Yup, AWS v4 was a game changer - not only from the perspective
of auth subsystem but for RGWOps as well. Before its introduction
the flow was pretty straightforward:
1. authenticate - currently RGWHandler::authorize
2. authorize - RGWOp::verify_permissions
3. execute - RGWOp::execute
As you mentioned, in such situation AuthEngines can be truly
stateless. In the post-AWSv4 era things are more complicated,
unfortunately. This is the cost we're paying for assuring data
integrity without in-memory buffering on the application level.

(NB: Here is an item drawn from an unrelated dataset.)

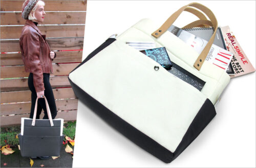 Light/dark โ€“ they say opposites attract, and that is at the core of this gorgeous two-tone tote. The striking contrast gives the project a modern look with a sleek simplicity that sets off the focal point: real leather handles.
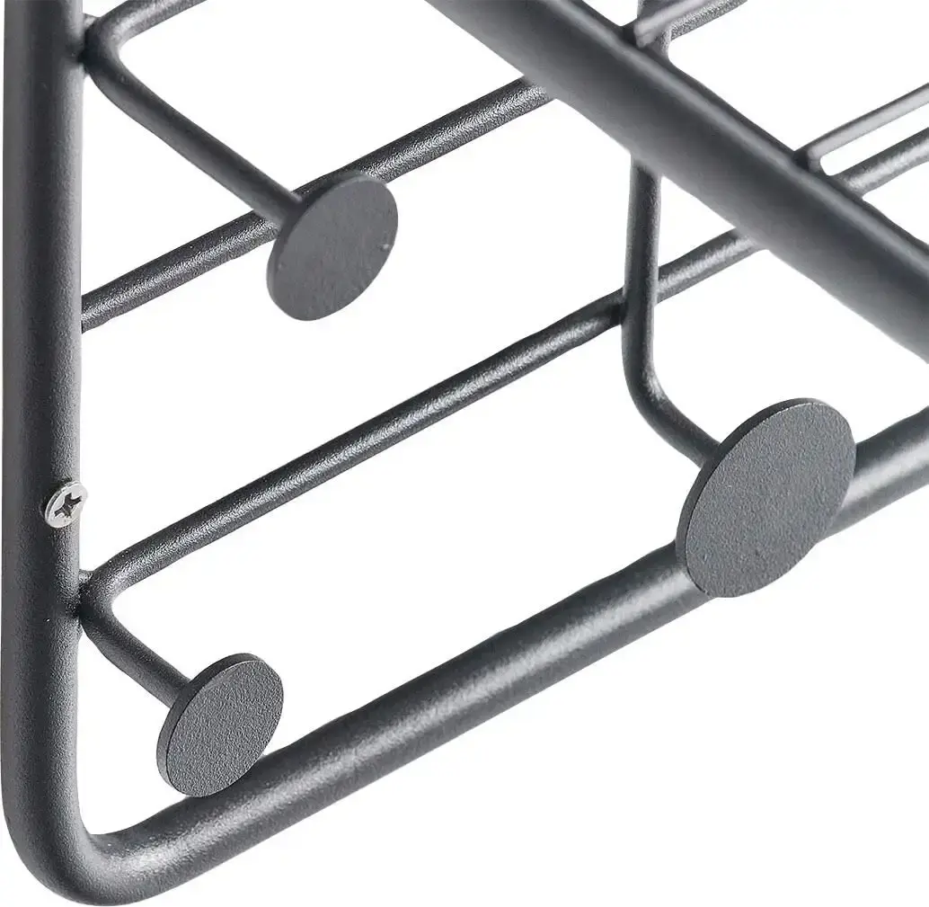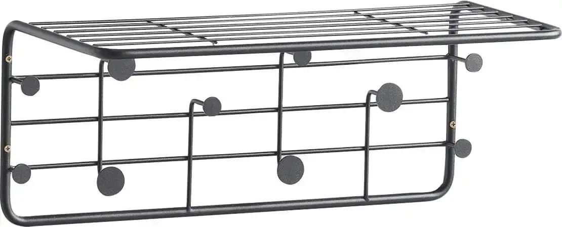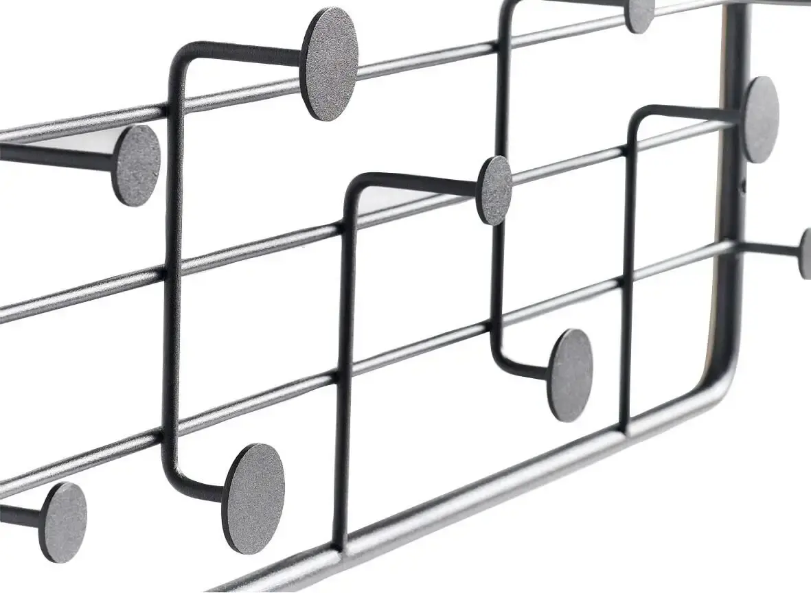 Хотите чего-то необычного? Наша современная настенная вешалка из черного металла определенно отличается необычностью! Вешалка идеально впишется в общий вид вашей прихожей и привлечет внимание своим необычным дизайном. Будь то в ванной комнате для полотенец и халатов или в прихожей для курток, пальто и шапок — полку можно использовать по-разному, и она всегда будет хорошо выглядеть. Шарфы, шапки или сумки можно легко разместить на полке, а куртки или пальто можно повесить на десять крючков.

Now the flow does look like:
A. authenticate - RGWHandler::authorize
B. authorize - RGWOp::verify_permissions
C. execute_prepare - some parts of RGWOp::execute
D. authenticate_complete - some parts of RGWOp::execute
E. execute_commit - some parts of RGWOp::execute
The typical example is RGWPutObj::execute that actually does
point C, D, E. I can fully understand why we have this actually.
Though, in the future I would like to restore the clear separation
of concerns (the single responsibility principle). The new auth
infrastructure was designed to accommodate v4 as well.
So far, all of the AuthEngine instances have been constructed on the stack
in their handler's authorize() method, so their state has been limited to
that scope. If a new AWS4AuthEngine were to encapsulate v4 auth this state,
the engine would have to live somewhere outside of the authorize() method -
most likely in req_state. But we could just as easily have a stateless
AWS4AuthEngine that accessed the existing rgw_aws4_auth via req_state.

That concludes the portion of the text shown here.